• **Task instructions**: Apart from the pictures, write out all the records exactly.

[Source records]
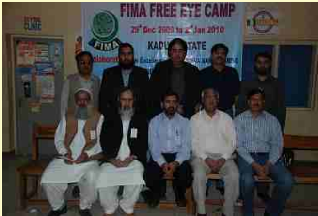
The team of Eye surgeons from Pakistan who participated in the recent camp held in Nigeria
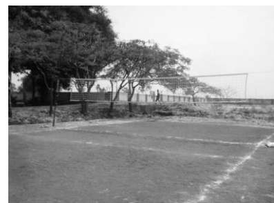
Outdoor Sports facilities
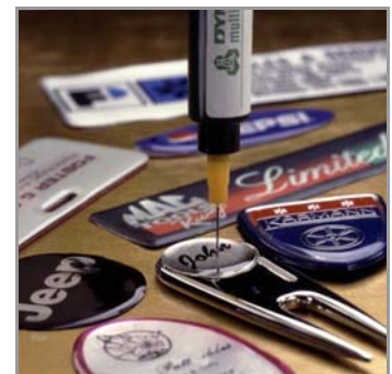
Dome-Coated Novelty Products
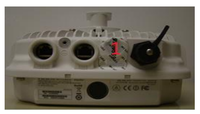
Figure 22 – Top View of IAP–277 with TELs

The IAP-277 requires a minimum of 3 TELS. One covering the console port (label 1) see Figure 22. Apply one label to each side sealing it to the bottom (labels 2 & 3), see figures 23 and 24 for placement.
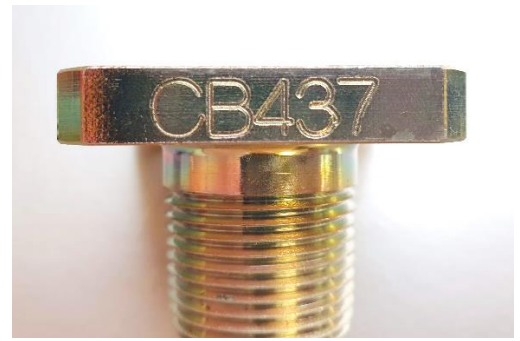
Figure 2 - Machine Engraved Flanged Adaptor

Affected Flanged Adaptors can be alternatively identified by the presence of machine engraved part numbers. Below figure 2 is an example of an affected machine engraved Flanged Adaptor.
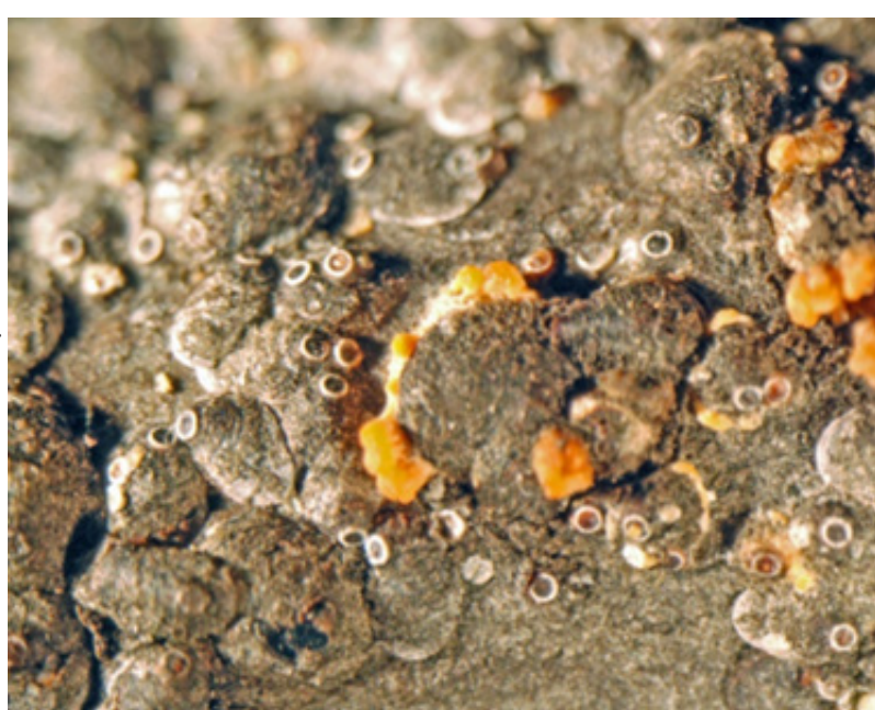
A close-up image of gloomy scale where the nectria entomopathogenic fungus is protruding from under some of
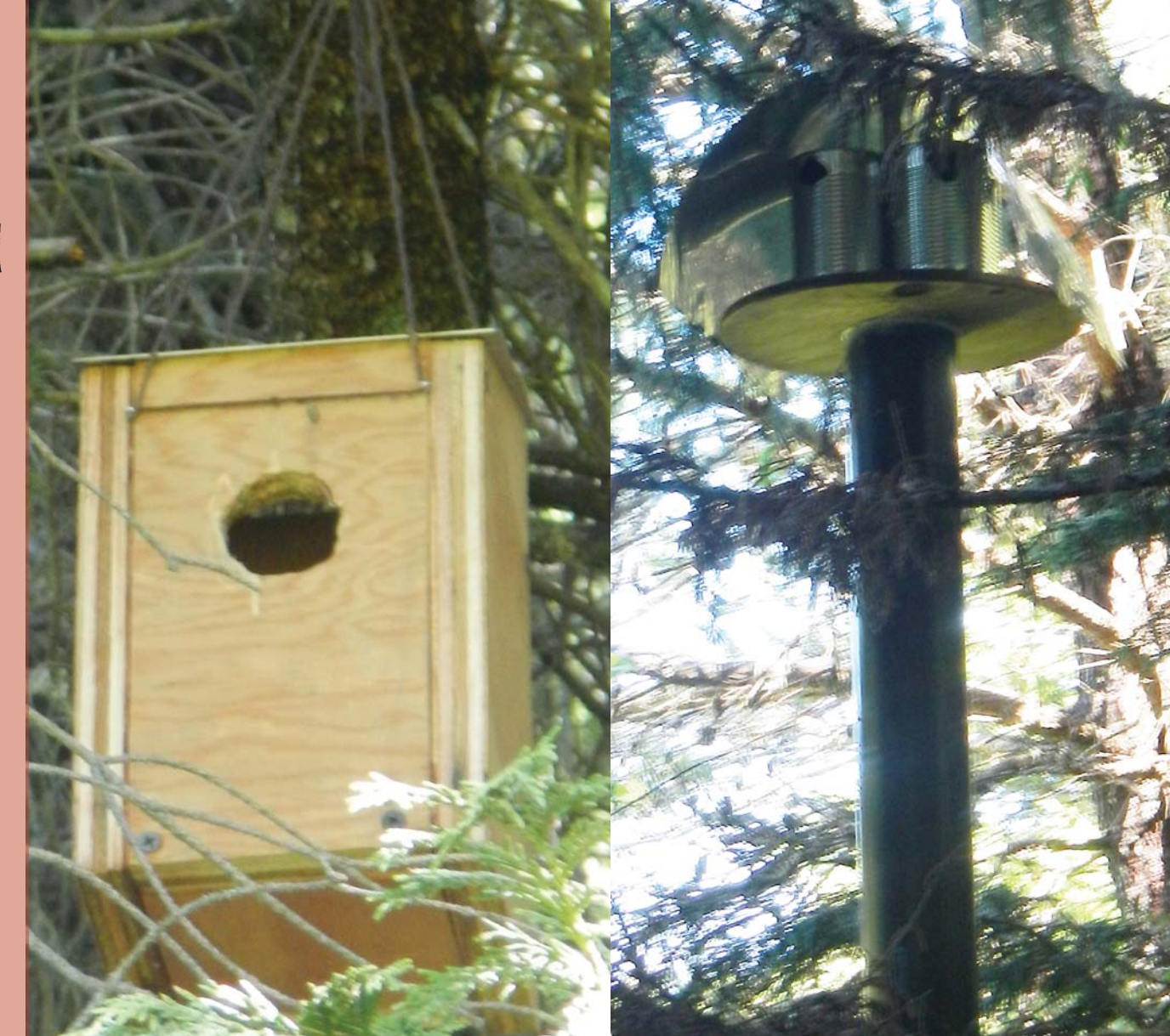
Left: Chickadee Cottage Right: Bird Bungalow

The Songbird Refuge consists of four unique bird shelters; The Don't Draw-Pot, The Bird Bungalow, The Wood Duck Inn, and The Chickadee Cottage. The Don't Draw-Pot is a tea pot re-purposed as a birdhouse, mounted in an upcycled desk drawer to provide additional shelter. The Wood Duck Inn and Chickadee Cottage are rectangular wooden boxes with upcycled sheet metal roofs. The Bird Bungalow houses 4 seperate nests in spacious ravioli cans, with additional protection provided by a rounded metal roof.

• **Exercise solution**:
The team of Eye surgeons from Pakistan who participated in the recent camp held in Nigeria
Outdoor Sports facilities
Dome-Coated Novelty Products
Figure 22 – Top View of IAP–277 with TELs

The IAP-277 requires a minimum of 3 TELS. One covering the console port (label 1) see Figure 22. Apply one label to each side sealing it to the bottom (labels 2 & 3), see figures 23 and 24 for placement.
Figure 2 - Machine Engraved Flanged Adaptor

Affected Flanged Adaptors can be alternatively identified by the presence of machine engraved part numbers. Below figure 2 is an example of an affected machine engraved Flanged Adaptor.
A close-up image of gloomy scale where the nectria entomopathogenic fungus is protruding from under some of
Left: Chickadee Cottage Right: Bird Bungalow

The Songbird Refuge consists of four unique bird shelters; The Don't Draw-Pot, The Bird Bungalow, The Wood Duck Inn, and The Chickadee Cottage. The Don't Draw-Pot is a tea pot re-purposed as a birdhouse, mounted in an upcycled desk drawer to provide additional shelter. The Wood Duck Inn and Chickadee Cottage are rectangular wooden boxes with upcycled sheet metal roofs. The Bird Bungalow houses 4 seperate nests in spacious ravioli cans, with additional protection provided by a rounded metal roof.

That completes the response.